All this means is that gold and silver prices might have just bottomed or that they could bottom shortly.
Let’s not forget what miners tend to do before and right after bottoms – they tend to show strength relative to gold. Let’s check what the GDXJ ETF is doing in today’s London trading.
It corrected somewhat, but unlike gold, the GDXJ didn’t move to new lows today. In other words, junior miners are showing strength, just as they are supposed to around the bottoms.
There are three more things on the above chart that I would like to discuss.
- The first is that a daily pause right after the turnaround is common for the GDXJ, and I marked several other occasions where we saw something similar. This includes what we saw after the sharp early-2020 correction.
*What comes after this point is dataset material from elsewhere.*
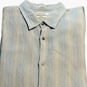 NEW Calvin Klein Long Sleeve Button Down Linen Shirt Size XL Thin Blue Stripe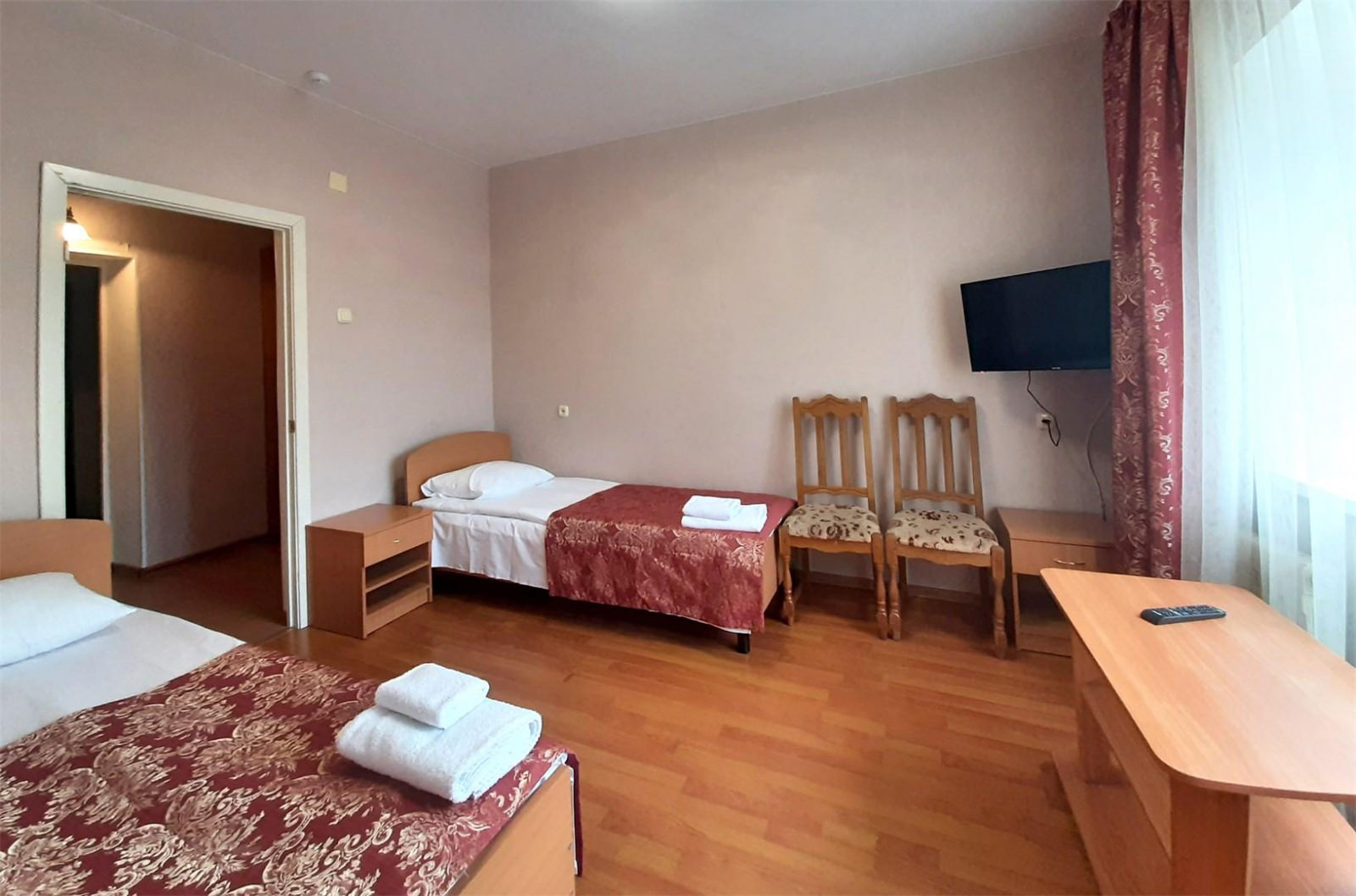 Поездом до ж/д вокзалаг. Ессентуки, далее на маршрутном такси №21 до остановки «Поликлиника», далее 236 м до отеля.

- The second thing is that it’s clear that the GDXJ just (on Friday) invalidated the small breakdown below its previous (2021 and 2022) lows. This is a huge bullish development (for the short term only!). Invalidations of breakdowns immediately become bullish signals, without the need to wait for confirmation, and that’s what we just saw.
- The third indication is the triangle-vertex-based reversal, which will take place in about a week. It points to some kind of reversal taking place on May 22. That’s Sunday, so based on the above, we might expect a turnaround on Friday or next Monday.
This serves as an indication that we might want to prepare ourselves to close the current long position and go back on the short side of the trade before the end of the week – perhaps on Friday. Geopolitically, a lot can happen over the weekend, so I’d prefer to be positioned along with the medium-term trend beforehand.
The invalidation described as the “second thing” is also something that we saw from the U.S. perspective, so it’s definitely important.
The thing that I’d like to add is that the RSI just moved back above 30 after being below it, which is a classic buy signal. That’s what marked the end of the 2020 decline, and something very similar to what marked the end of the initial March decline (RSI just touched 30 at that time, but it was enough).
Please note that the triangle-vertex-based reversal point is practically the same from the U.S. point of view, so it adds credibility to the scenario in which junior miners top close to the end of this week.
This fits the target area that I provided on Friday on the above 4-hour-candlestick GDXJ chart.
The target would also fit the sharpness of the recent decline. After all, corrections tend to be similarly volatile as the price moves that are being corrected. Of course, let’s keep in mind that the current long position is for trading capital only, not for long-term investments, as I don’t think that the medium-term downtrend in gold, silver, and mining stocks is completely over yet.